__Provided material__
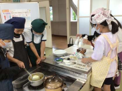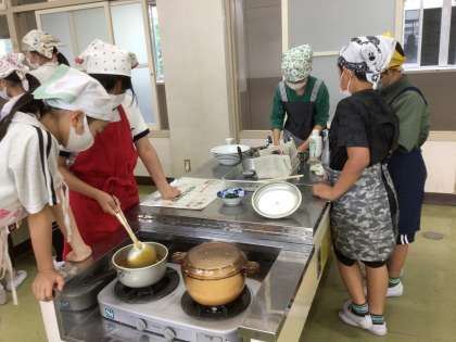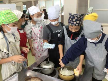 家庭科の時間に、ご飯を炊き、カレーを作りました。
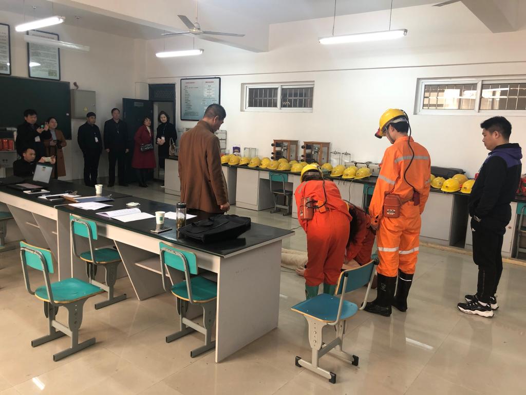 安徽省教育厅巡查员、安徽艺术职业学院教务处处长宋怡,淮南职业技术学院副校长朱云辉,国家矿山应急救援淮南队总工程师钱建兵、副大队长陈文兴到场指导工作。
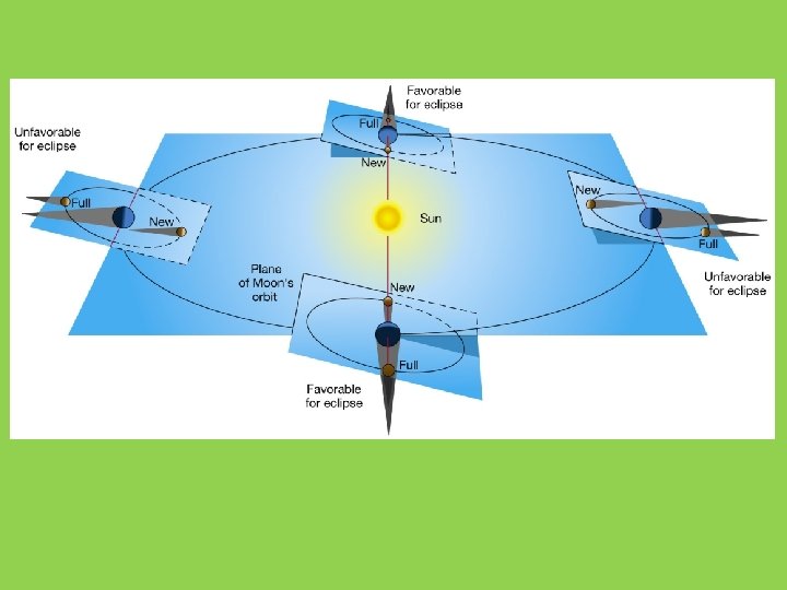 Eclipses • Two types – Lunar eclipse • Earth is directly between the Sun and Moon – Earth’s shadow falls on the Moon • Can only be seen at night – Solar eclipse • Moon is directly between Sun and Earth – Moon’s shadow falls on the Earth • Can only be seen during the day
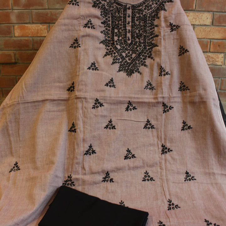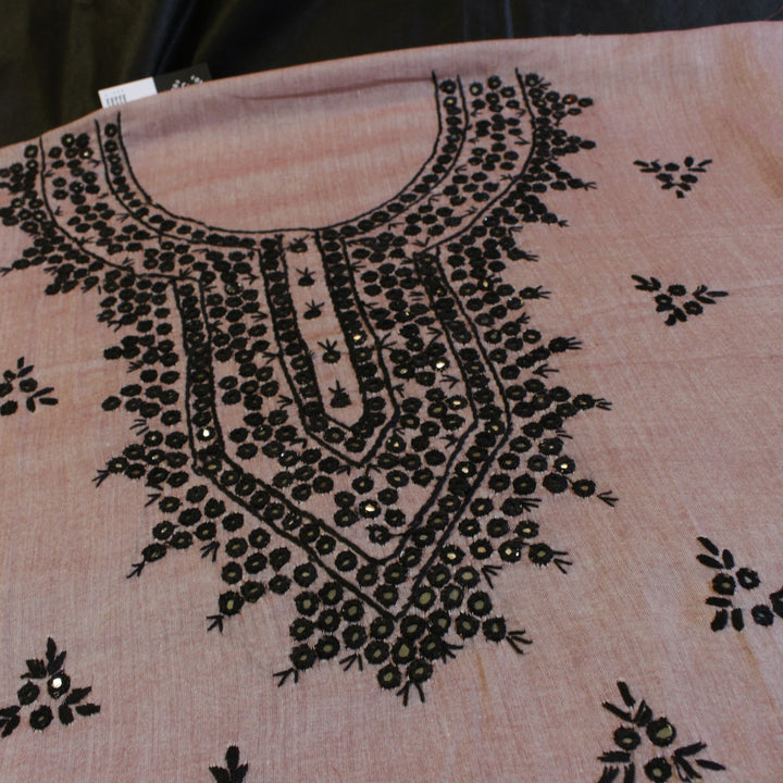 Crafted from pure cotton handloom fabric, this kurta features hand embroidery on the front, decorative sleeve motifs, and a plain back.
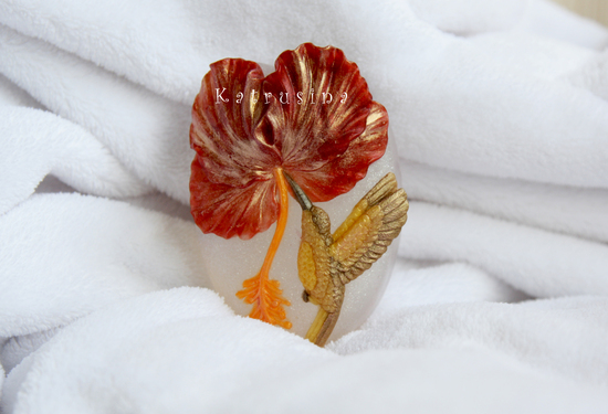 Мыло очень красивое, правда! Только можно я по поводу колибри реплику вставлю? Попробуйте сделать его зеленым + бронза, они тут именно такие летают. Знаете, есть такой весенний жук, красивого зелено-металлического цвета...upd: Вот, картинку нашла :)
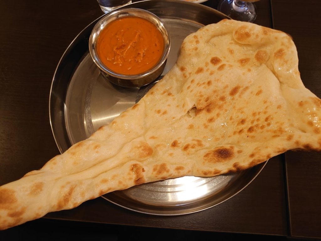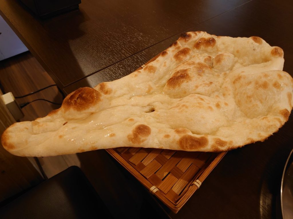 ナンは写真に収まり切れないほどめちゃ大きい。
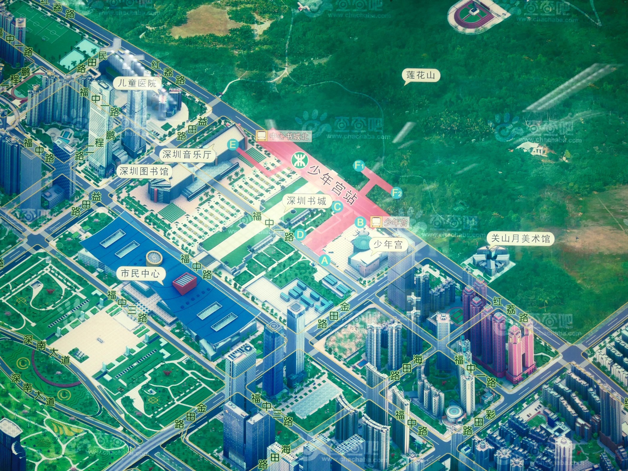 这次逛的主要是福田区这一片建筑群,图上是这一带的规划轴测图,从深圳音乐厅开始,我们按照环线依次观赏了了深圳图书馆—市民中心—当代艺术馆—少年宫—莲花山。
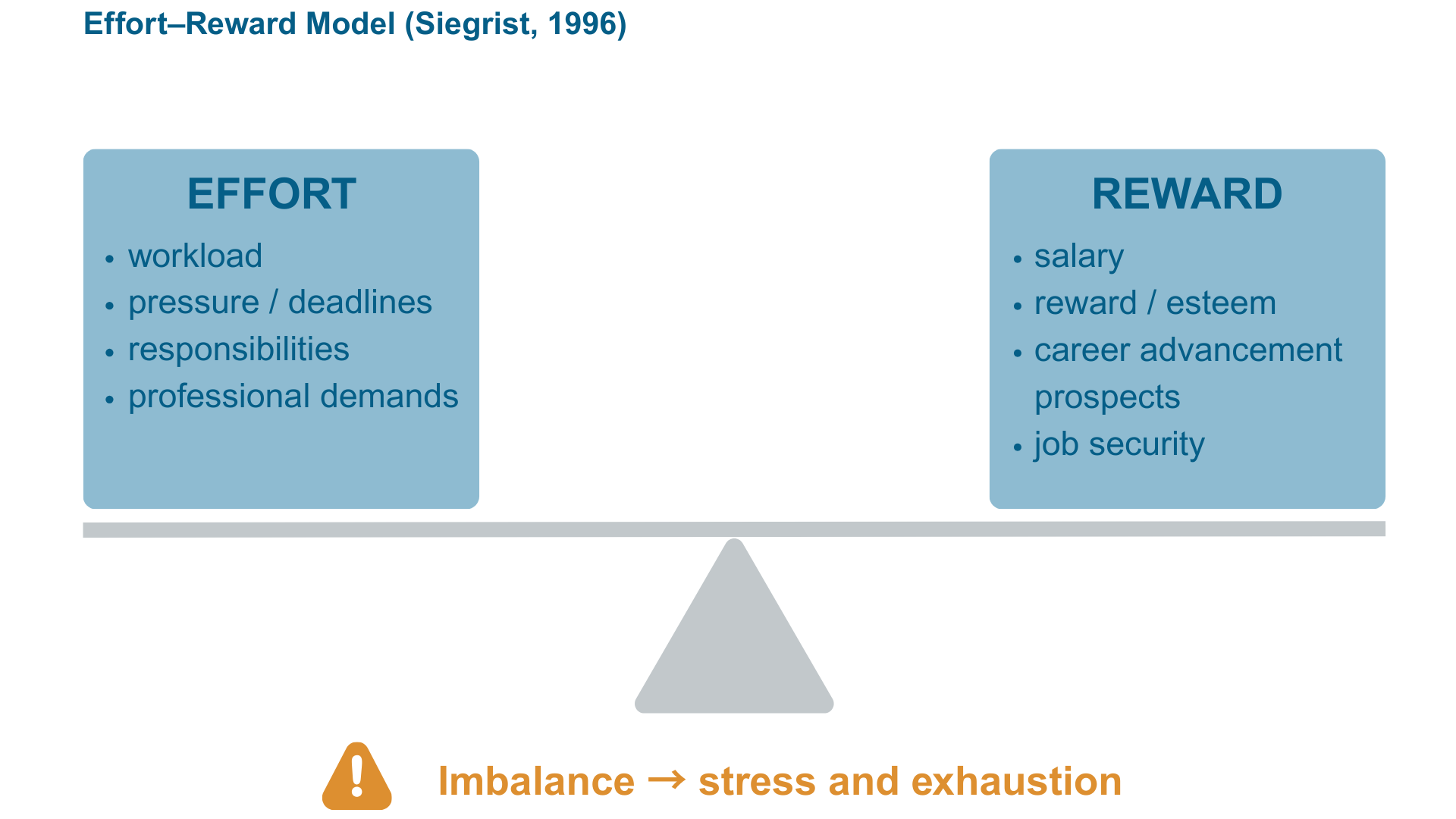 The second imbalance concerns the relationship between the effort invested and the recognition received. According to the effort–reward model developed by Johannes Siegrist (1996), when the effort put into work is not adequately acknowledged — whether through salary, appreciation, or career prospects — a sense of unfairness may arise.
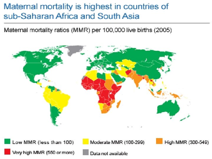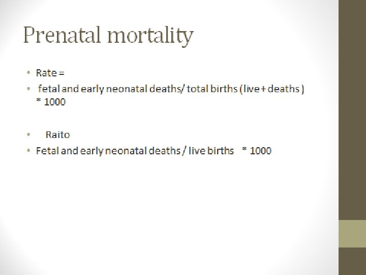Maternal mortality • Rate: • Number of maternal deaths in given period per 100 000 women of reproductive age during the same time period • • • Ratio: Ratio number of maternal deaths during a given time period per 100 000 live births during the same time period

__Exercise goal__
Exact wording is required throughout: write out all the records, but no pictures.

__Answer for the task__
 家庭科の時間に、ご飯を炊き、カレーを作りました。
 安徽省教育厅巡查员、安徽艺术职业学院教务处处长宋怡,淮南职业技术学院副校长朱云辉,国家矿山应急救援淮南队总工程师钱建兵、副大队长陈文兴到场指导工作。
 Eclipses • Two types – Lunar eclipse • Earth is directly between the Sun and Moon – Earth’s shadow falls on the Moon • Can only be seen at night – Solar eclipse • Moon is directly between Sun and Earth – Moon’s shadow falls on the Earth • Can only be seen during the day
 Crafted from pure cotton handloom fabric, this kurta features hand embroidery on the front, decorative sleeve motifs, and a plain back.
 Мыло очень красивое, правда! Только можно я по поводу колибри реплику вставлю? Попробуйте сделать его зеленым + бронза, они тут именно такие летают. Знаете, есть такой весенний жук, красивого зелено-металлического цвета...upd: Вот, картинку нашла :)
 ナンは写真に収まり切れないほどめちゃ大きい。
 这次逛的主要是福田区这一片建筑群,图上是这一带的规划轴测图,从深圳音乐厅开始,我们按照环线依次观赏了了深圳图书馆—市民中心—当代艺术馆—少年宫—莲花山。
 The second imbalance concerns the relationship between the effort invested and the recognition received. According to the effort–reward model developed by Johannes Siegrist (1996), when the effort put into work is not adequately acknowledged — whether through salary, appreciation, or career prospects — a sense of unfairness may arise.
Maternal mortality • Rate: • Number of maternal deaths in given period per 100 000 women of reproductive age during the same time period • • • Ratio: Ratio number of maternal deaths during a given time period per 100 000 live births during the same time period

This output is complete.